• EXERCISE GOAL
Return the lines of the material below exactly, beginning with the line that has "Une Grotte mariale pour vos célébrations" in it and finishing with the line that has "Konzertreise des Akademischen" in it. Leave all pictures aside.

------ SOURCE MATERIAL ------

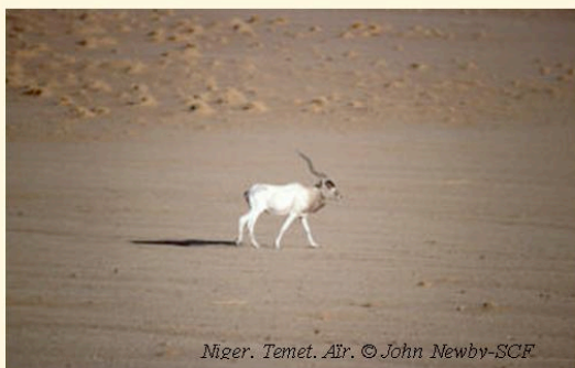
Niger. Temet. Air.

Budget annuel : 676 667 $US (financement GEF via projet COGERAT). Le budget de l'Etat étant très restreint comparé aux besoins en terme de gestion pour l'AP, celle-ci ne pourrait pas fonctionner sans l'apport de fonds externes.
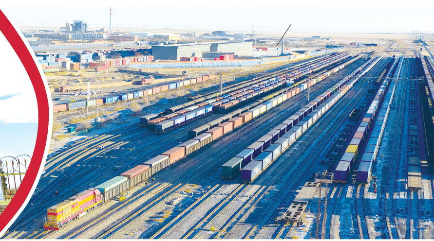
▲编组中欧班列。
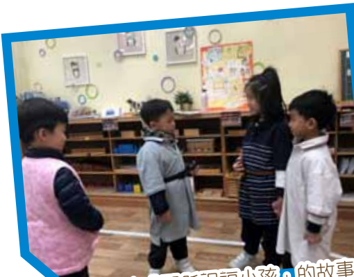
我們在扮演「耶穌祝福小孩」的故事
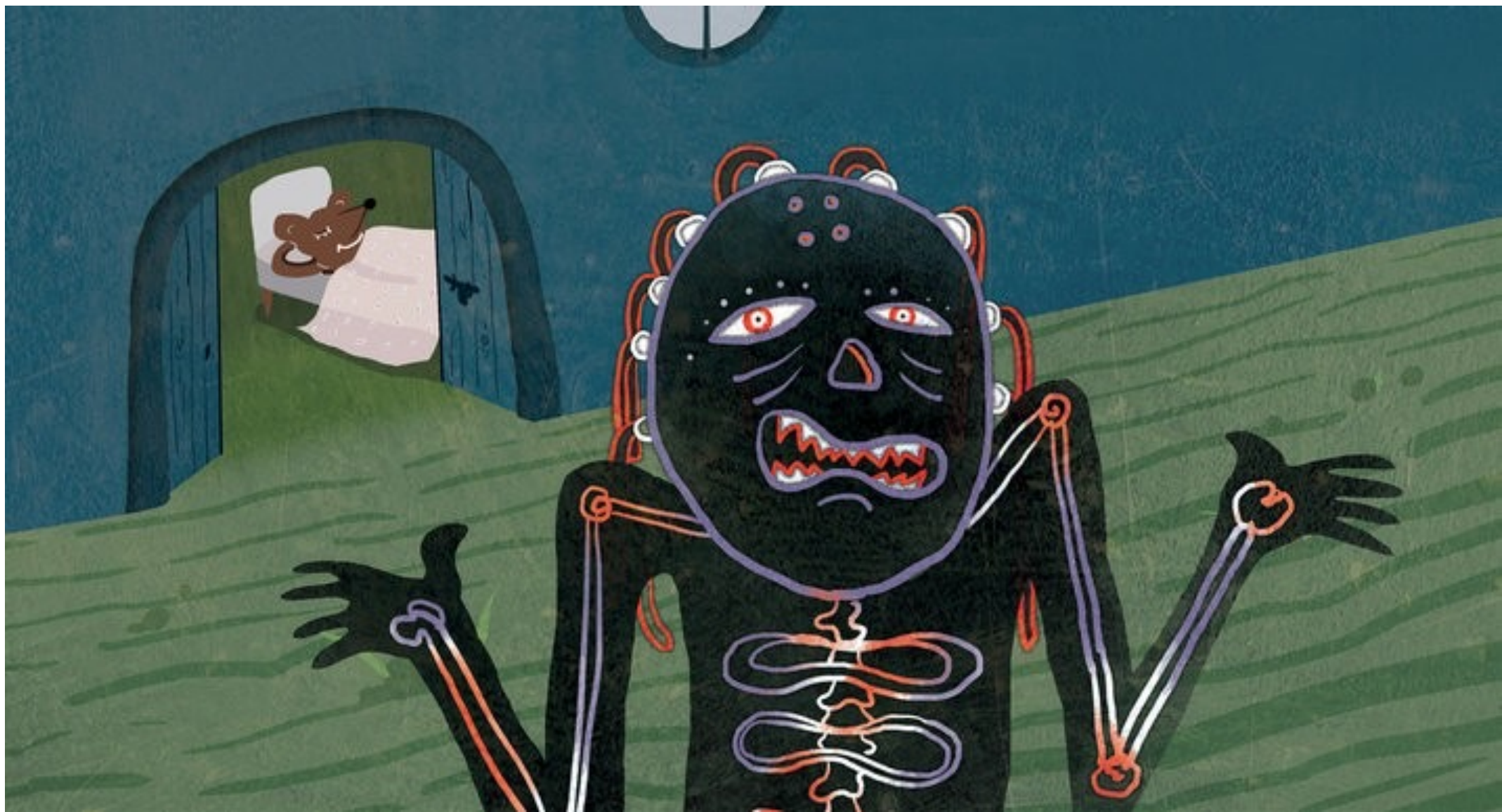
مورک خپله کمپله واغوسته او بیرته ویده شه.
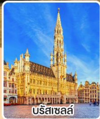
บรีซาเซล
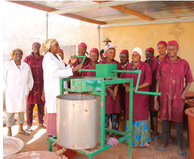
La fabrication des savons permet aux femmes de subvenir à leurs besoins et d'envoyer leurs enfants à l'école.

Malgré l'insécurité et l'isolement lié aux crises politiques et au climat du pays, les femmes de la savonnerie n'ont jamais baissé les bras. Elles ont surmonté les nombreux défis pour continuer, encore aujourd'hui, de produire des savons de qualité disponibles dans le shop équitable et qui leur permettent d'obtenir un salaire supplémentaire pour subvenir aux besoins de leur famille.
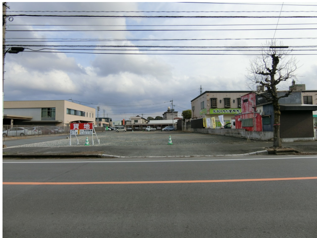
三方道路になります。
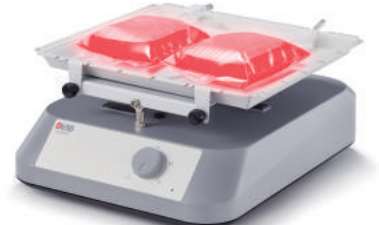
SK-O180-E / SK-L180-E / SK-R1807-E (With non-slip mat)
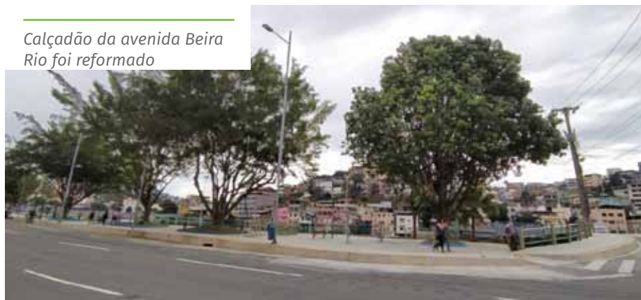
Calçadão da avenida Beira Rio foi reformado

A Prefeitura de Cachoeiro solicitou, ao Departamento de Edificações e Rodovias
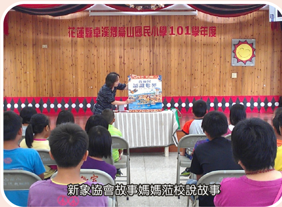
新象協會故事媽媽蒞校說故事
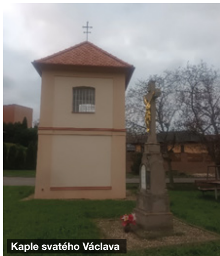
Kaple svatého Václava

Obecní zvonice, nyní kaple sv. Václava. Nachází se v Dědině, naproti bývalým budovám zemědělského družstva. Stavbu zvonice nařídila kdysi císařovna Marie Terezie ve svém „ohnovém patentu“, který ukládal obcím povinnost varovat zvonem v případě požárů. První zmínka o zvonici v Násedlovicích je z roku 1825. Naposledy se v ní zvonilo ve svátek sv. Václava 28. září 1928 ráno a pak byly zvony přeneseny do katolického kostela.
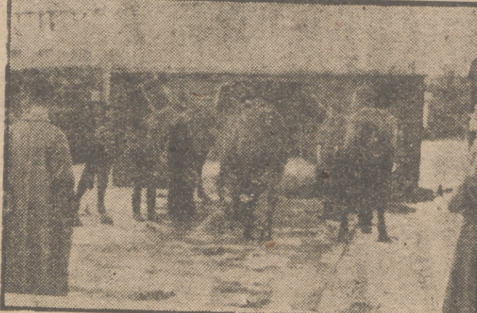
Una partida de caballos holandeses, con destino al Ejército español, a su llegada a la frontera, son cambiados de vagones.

------
------ SOURCE MATERIAL ------

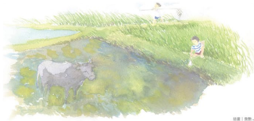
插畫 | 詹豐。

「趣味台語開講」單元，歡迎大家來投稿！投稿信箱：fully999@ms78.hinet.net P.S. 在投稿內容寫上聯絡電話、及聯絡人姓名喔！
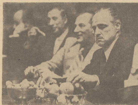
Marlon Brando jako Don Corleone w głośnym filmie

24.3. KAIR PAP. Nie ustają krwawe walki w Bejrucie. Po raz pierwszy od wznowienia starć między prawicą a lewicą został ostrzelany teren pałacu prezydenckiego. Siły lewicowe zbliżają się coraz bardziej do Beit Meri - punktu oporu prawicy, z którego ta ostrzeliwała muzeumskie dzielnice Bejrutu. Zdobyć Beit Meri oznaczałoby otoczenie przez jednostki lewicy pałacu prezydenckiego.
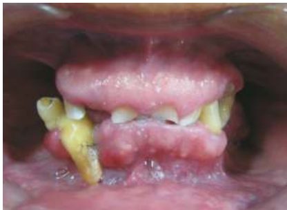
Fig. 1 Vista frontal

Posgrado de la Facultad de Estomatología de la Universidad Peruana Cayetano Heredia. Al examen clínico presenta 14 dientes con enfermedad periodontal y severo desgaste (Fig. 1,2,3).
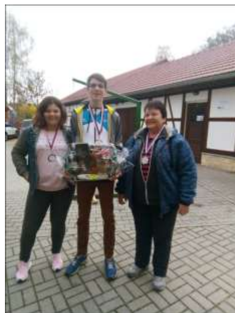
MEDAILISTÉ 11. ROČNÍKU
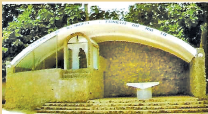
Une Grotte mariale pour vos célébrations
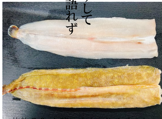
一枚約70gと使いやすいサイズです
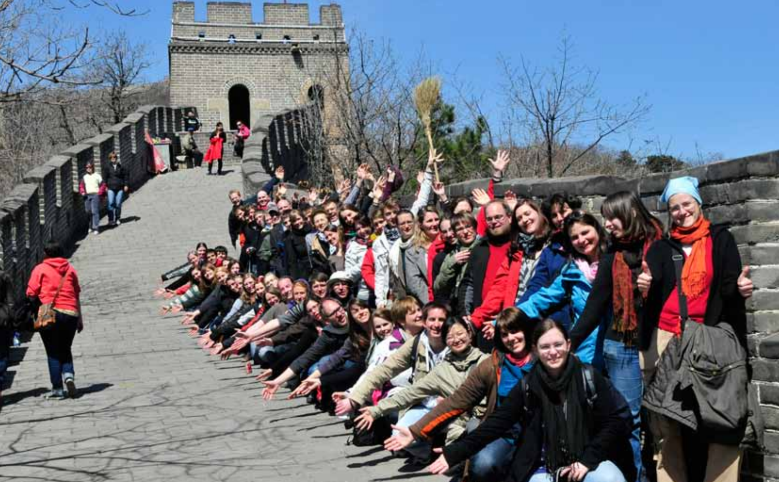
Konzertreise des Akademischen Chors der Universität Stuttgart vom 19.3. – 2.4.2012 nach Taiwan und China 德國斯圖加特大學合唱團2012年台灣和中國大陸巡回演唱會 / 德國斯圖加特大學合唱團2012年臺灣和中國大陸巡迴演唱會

------

• ANSWER
Une Grotte mariale pour vos célébrations
一枚約70gと使いやすいサイズです
Konzertreise des Akademischen Chors der Universität Stuttgart vom 19.3. – 2.4.2012 nach Taiwan und China 德國斯圖加特大學合唱團2012年台灣和中國大陸巡回演唱會 / 德國斯圖加特大學合唱團2012年臺灣和中國大陸巡迴演唱會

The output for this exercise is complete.